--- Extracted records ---
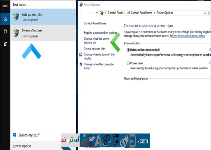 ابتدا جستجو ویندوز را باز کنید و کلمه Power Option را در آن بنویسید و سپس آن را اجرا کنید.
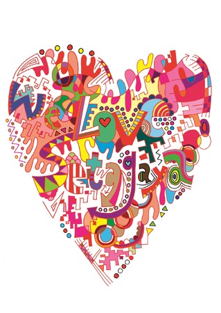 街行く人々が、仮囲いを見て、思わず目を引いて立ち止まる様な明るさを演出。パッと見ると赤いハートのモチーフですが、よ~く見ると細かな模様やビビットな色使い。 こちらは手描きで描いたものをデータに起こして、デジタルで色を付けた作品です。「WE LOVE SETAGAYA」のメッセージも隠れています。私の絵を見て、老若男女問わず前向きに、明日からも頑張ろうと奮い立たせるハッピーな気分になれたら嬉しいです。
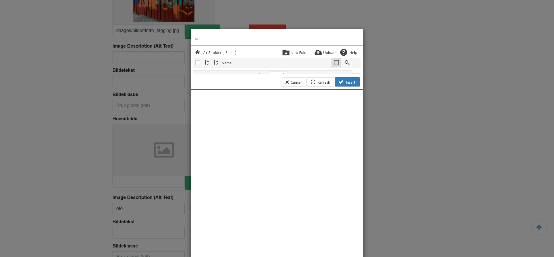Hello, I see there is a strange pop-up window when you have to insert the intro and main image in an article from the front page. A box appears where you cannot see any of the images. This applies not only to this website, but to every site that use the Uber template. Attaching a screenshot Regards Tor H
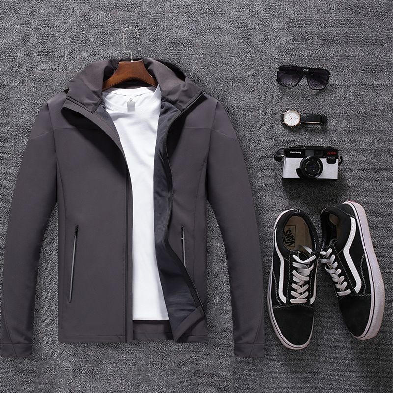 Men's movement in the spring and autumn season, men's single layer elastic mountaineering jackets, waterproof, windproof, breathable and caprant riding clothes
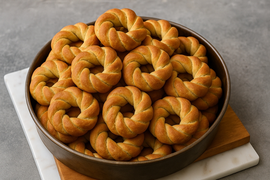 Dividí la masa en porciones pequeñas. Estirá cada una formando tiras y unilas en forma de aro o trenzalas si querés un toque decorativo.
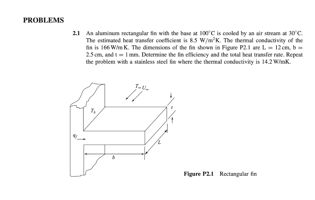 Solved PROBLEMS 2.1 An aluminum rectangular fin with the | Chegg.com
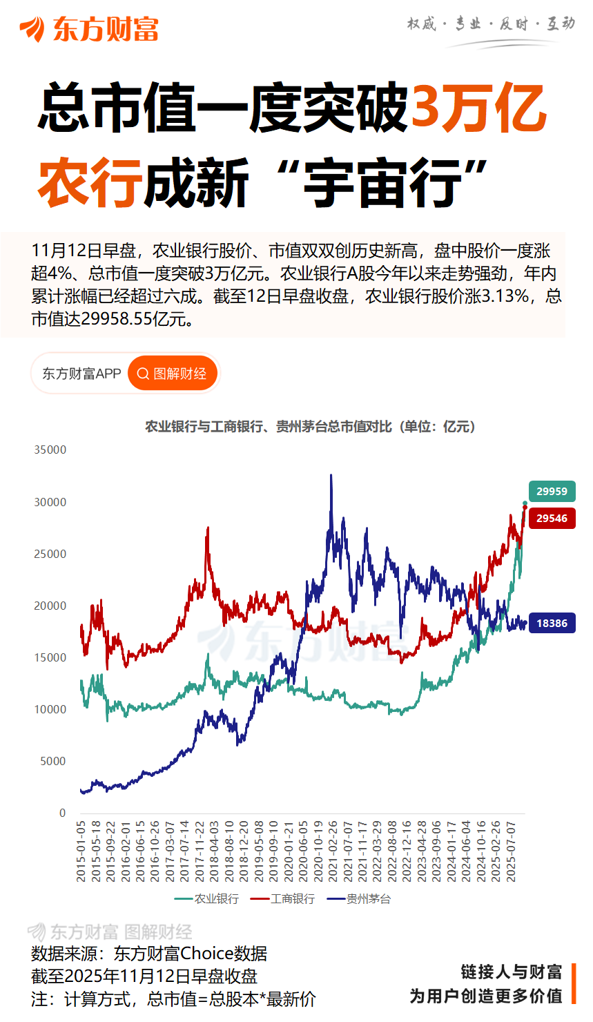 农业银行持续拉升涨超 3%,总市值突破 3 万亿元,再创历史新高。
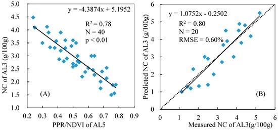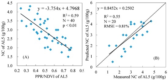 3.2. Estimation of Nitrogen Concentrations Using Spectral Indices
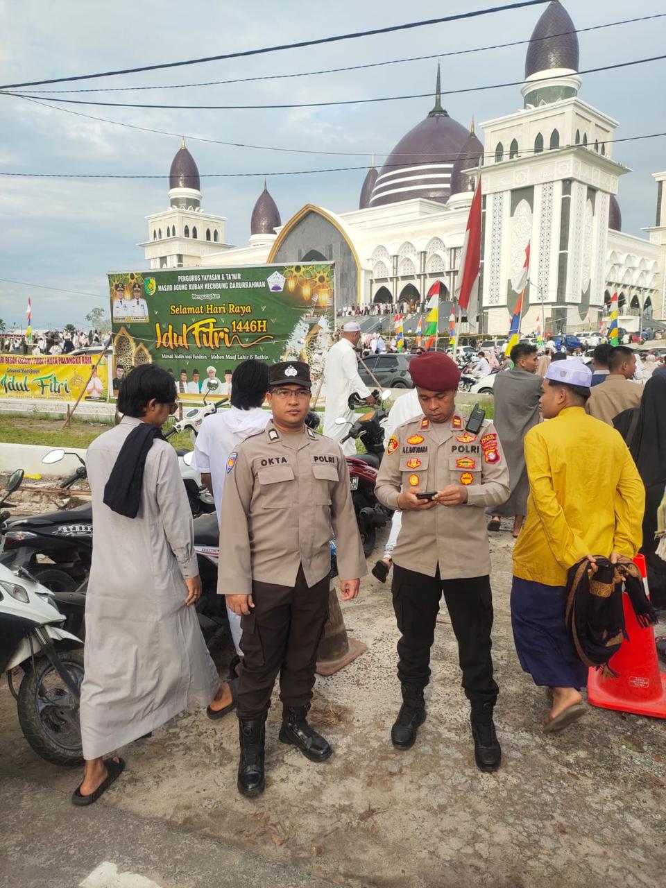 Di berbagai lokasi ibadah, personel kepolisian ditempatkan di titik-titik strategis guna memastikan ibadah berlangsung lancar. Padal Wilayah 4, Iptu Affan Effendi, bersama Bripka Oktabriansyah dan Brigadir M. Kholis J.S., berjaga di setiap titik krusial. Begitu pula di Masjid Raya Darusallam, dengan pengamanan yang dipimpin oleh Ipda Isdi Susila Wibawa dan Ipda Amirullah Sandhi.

--- What the exercise asks ---
Write out exactly the lines above between the one with "Hello, I see" and the one with "Dividí la masa", inclusive, with pictures left out.

--- Your solution ---
Hello, I see there is a strange pop-up window when you have to insert the intro and main image in an article from the front page. A box appears where you cannot see any of the images. This applies not only to this website, but to every site that use the Uber template. Attaching a screenshot Regards Tor H
 Men's movement in the spring and autumn season, men's single layer elastic mountaineering jackets, waterproof, windproof, breathable and caprant riding clothes
 Dividí la masa en porciones pequeñas. Estirá cada una formando tiras y unilas en forma de aro o trenzalas si querés un toque decorativo.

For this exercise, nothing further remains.